Benefits of CMR:
CMR doesn’t require ionizing radiation, as is the case with contrast CT, and its flexibility, high spatial resolution, and 3D capabilities are amenable to assessing myocardial structure and function to identify possible pathologies. The gold standard of cardiac function analysis, CMR gives clinicians insight into ventricular ejection fractions (EF) and stroke volumes (SV), left ventricle mass, and myocardium thickness, however this task requires accurate segmentation of the left ventricular cavity and of the right ventricle for end-diastolic (ED) and end-systolic (ES) phase instances.
Challenges:
Delineating the left ventricle, myocardium and right ventricle from CMR is very common and necessary to establish a diagnosis. However, fully automatic segmentation has not been perfected, meaning that clinicians must continually perform manual segmentation. This is a time-consuming process that is also prone to observer variability.
The success of deep learning in streamlining CMR relies on the automatic performance of two main tasks:
- Segmentation of the left ventricular endocardium and epicardium and the right ventricular endocardium for both ED and ES phase instances
- Classification of the examinations in five classes towards identifying pathologies. The five cases are: normal, heart failure with infarction, dilated cardiomyopathy, hypertrophic cardiomyopathy, abnormal right ventricle.
Towards addressing this challenge, the ACDC provides a fully-annotated dataset for the purpose of CMR assessment, containing data from 150 multi-equipment CMR recordings acquired in routine clinical practice with manual reference measurements and classification from two medical experts.
AI in Cardiac MRI – Methods:
1. Segmentation:
Responding to the first ACDC challenge, over the past two years there has been significant advancement in developing deep learning networks for the automatic segmentation of the LV, LV myocardium, and RV. Generally, the approach applies CNNs based on U-Net and/or ResNet that are trained on the ACDC dataset.

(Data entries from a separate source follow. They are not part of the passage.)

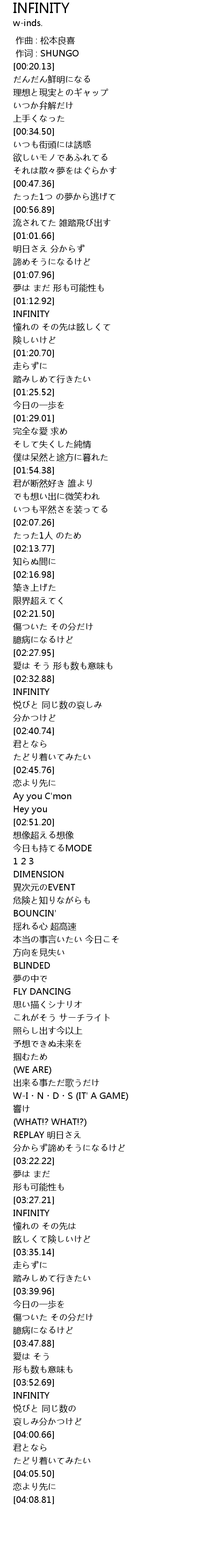 | [03:14.10] | W-I・N・D・S (IT' A GAME) |
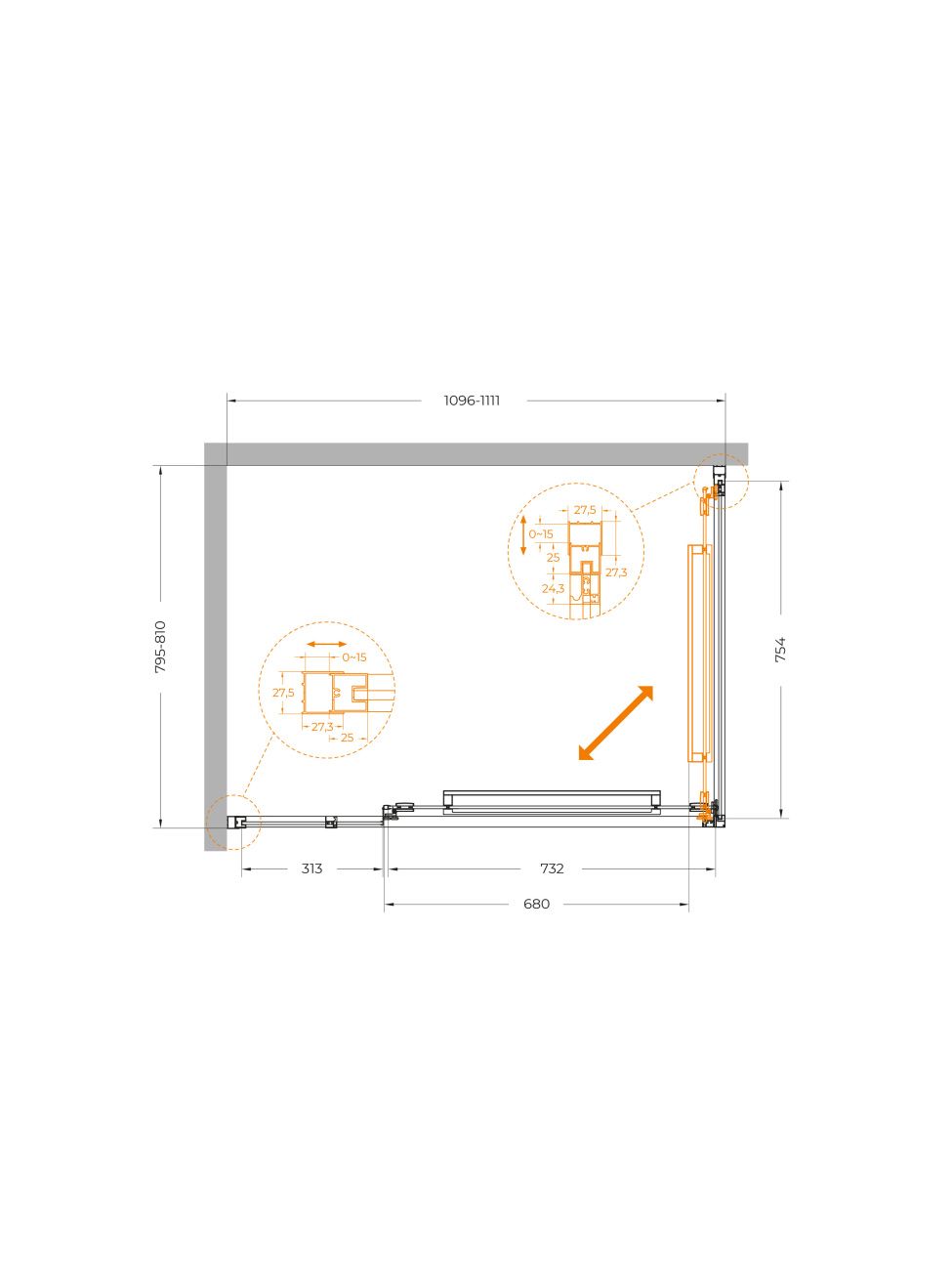 Душевой уголок CEZARES LUX-AH-FS-11-110/80-C-CR
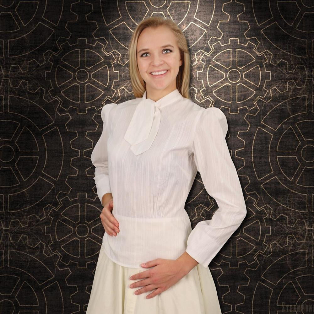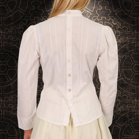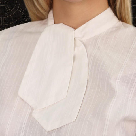 This white-on-white, raised stripe, 100% cotton women's Safari Blouse is a wonderful addition for period ensembles. The front collar has an attached ascot scarf which can be tied or a jeweled brooch added for a more dignified look. The straight sleeve ends with a tapered button and looped cuff. The bodice of the shirt ends in a peplum bottom, allowing for a clean tucked-in look or a loose outside look. The blouse exhibits a full, button-down back with seven Mother of Pearl buttons.
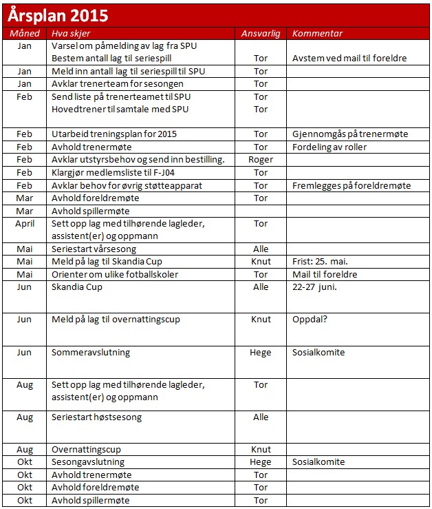 Nedenfor følger en oversikt over årsplan for kommende år.
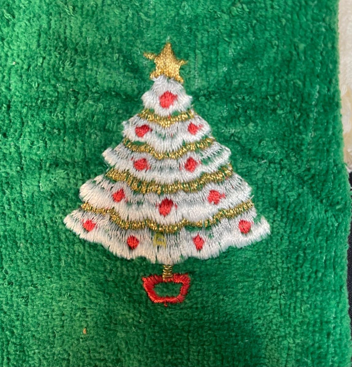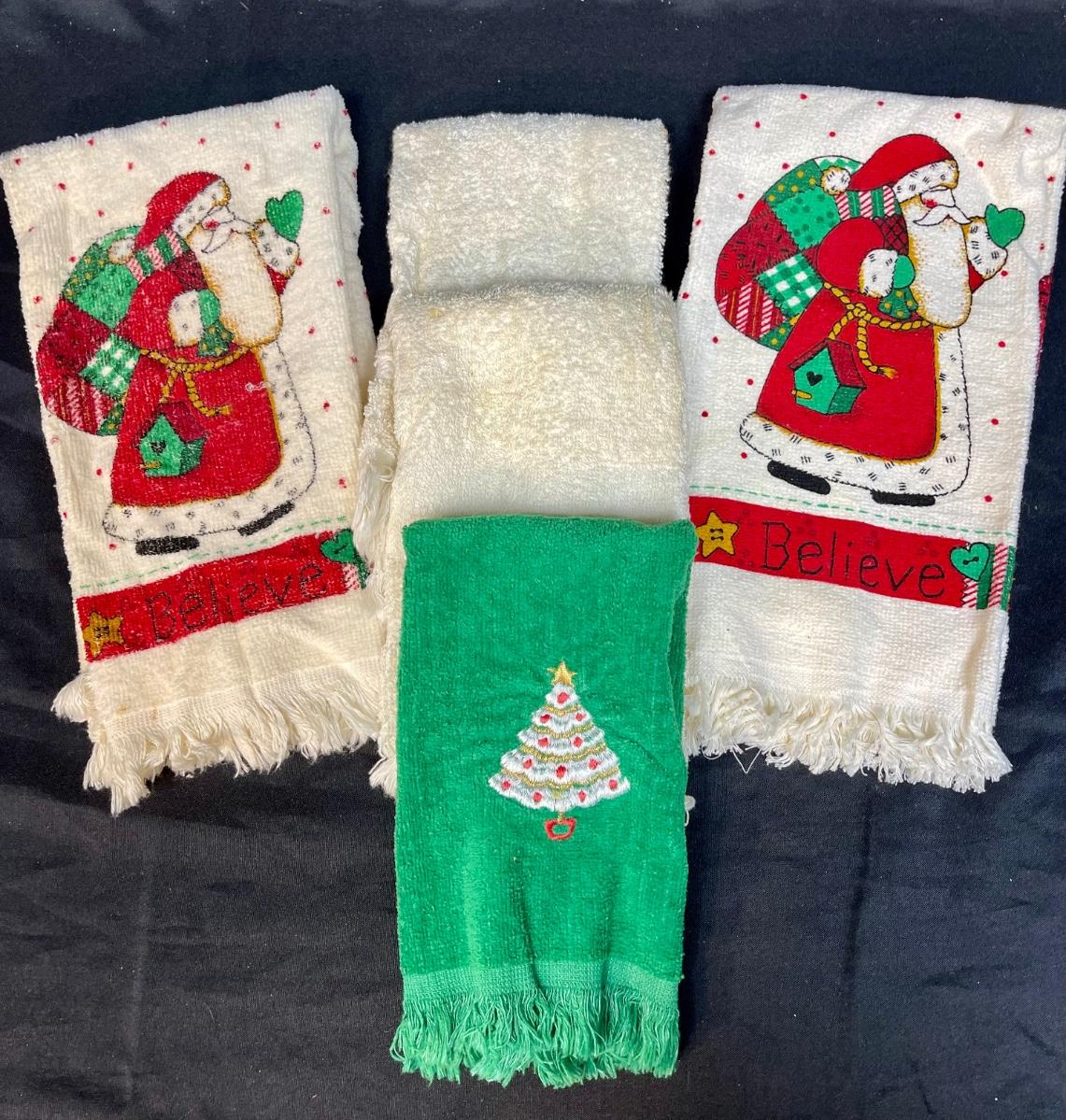 Vintage Christmas Holiday Santa Claus Tree Hand Towels . In previously used condition.

Regression-based methods using novel multiview CNNs utilize long- and short-axis images as input to directly predict left ventricular ejection fraction (LVEF) and left ventricular volumes at ED and ED. Multiscale residual DenseNets have likewise been successfully applied to cardiac segmentation. Other approaches combine deformable models and deep learning method for LV segmentation.
2. Classification:
The successful application of automatic deep learning segmentation from CMR facilitates the classification and diagnosis of cardiac pathologies. One approach trains U-net to automatically analyze CMR images. The current ACDC challenge classification front runner utilized a parameter and memory-efficient FCN architecture based on DenseNets in combination with an up-sampling path and dual loss function to process the input images at multiple scales and viewpoints simultaneously.
Another approach applies a fully automatic neural architecture to accurately and reliably identify the presence, position, transmurality, and size of chronic MI.
Results:
State-of-the-art deep learning segmentation and classification methods for CMR are on par with human expert performance. CNN-based segmentation seems to be even faster and more accurate than manual delineation and also outperforms other state-of-the-art medical imaging technologies while deriving clinically relevant measures necessary for diagnosis.
An additional outcome of automation apart from speed, precision and ease is that these techniques may be optimized to detect and delineate CAD without the need for a gadolinium-based contrast agent.
Conclusion:
Deep learning is being increasingly and successfully applied to facilitate fully-automatic and accurate segmentation of cardiac structures and classifying pathologies in CMR, thereby significantly reducing the postprocessing requirements of cardiac function analysis. This is accelerating patient care workflow, improving accuracy, and reducing clinician workload.